The workshop opened with Ben’s presentation on “learning disabilities”, i.e. the habits that prevent us from learning and being open-minded. The idea, of course, was to encourage participants to leave behind their usual way of thinking and open up to the things they could learn at the workshop and beyond. Fair trade organizations from different countries (Indonesia, Nepal, Philippines, Sri Lanka and Malaysia) then presented their work in the field. Selected participants commented on these projects; Marcos Arruda’s comments focused on the global vision of the solidarity economy (SE), of which (fair) trade is just one element. Work groups then reflected on the needs social enterprises have to meet, the challenges facing them and their factors for success. The afternoon followed the same programme, but with presentations from microfinance organizations. Miguel Hirota from Japan introduced the concept of social currencies and their importance in all-round local development. You can find details of discussions in the Day 1 Summary document (available only in English).

The second day focused on the definition of a social enterprise (its social and environmental mission, ethical practices, democratic governance, indicators, etc.). The afternoon was spent examining the role financial institutions can play by adapting their products and services to the need of social enterprises, and the necessary political and institutional support that takes into account the importance of social enterprises. You will find all the work groups’ discussions in the Day 2 Summary document (available only in English).

On the third day (see Day 3 Summary document, available only in English), participants continued to discuss the factors that characterize social enterprises, with Marcos Arruda’s remarks providing an important perspective in terms of repositioning the enterprise in the context of the solidarity economy as one of its driving forces. Ben made a global presentation of solidarity-economy, comparing the old and the new economy based on social values. Leida Rijnhout stressed the importance of genuinely incorporating environmental and ecological discussions in the concept of economy and a solidarity economy, as is not often the case despite all the fine talk of sustainable development. Discussions were followed by presentations from the following networks that work to link up the various components of the solidarity economy in Asia:

  • Association of Development Financing Institutions in Asia and the Pacific (ADFIAP)
  • Oikocredit
  • Asian Fair Trade Forum/ World Fair Trade Organization
  • Alliance for Responsible Plural and Solidarity Economy (ALOE)
  • Coalition for Socially Responsible SMEs in Asia (CSRSME Asia)

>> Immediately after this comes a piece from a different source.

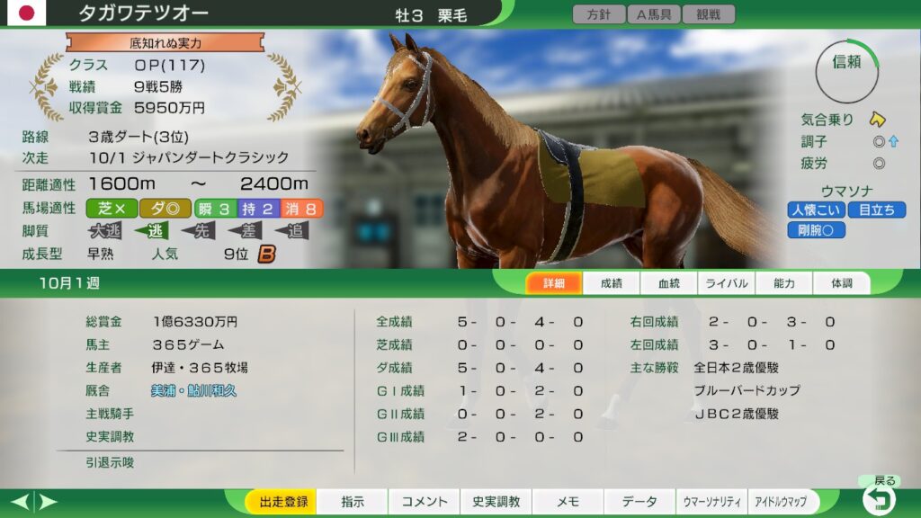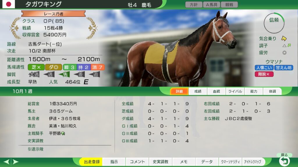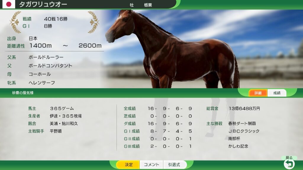 3歳のダート三冠路線もライバルに遅れをとるので、3歳以降は重賞での賞金稼ぎに切り替えるとよいだろう。

Group work ended with innovative proposals for the future. Taking these proposals as a basis, participants signed up to coordinate or set up theme-based electronic forums:

Group 1: markets/an ethical consumers club
Group 2: knowledge management/SE indicators
Group 3: financing mechanisms: a Social Development Bank
Group 4: development of a Web2 portal
Group 5: responsible environmental perspective

If you would like to take part in these forums, you can sign up on the website http://www.aa4se.com/cms2/. The working language will be English.

You can also find all the presentations given during the workshop and a variety of videos with participant interviews on the website of the Asian Alliance for a Solidarity Economy. It will show you the array of social enterprises in Asia. It’s worthwhile taking the time to look at them. The next Asian solidarity economy meeting will be in Japan, at the Asian Forum for Solidarity Economy. Good luck to this hugely dynamic network. And thanks once again to Ben, Ed and the whole team for their efficiency and enthusiasm.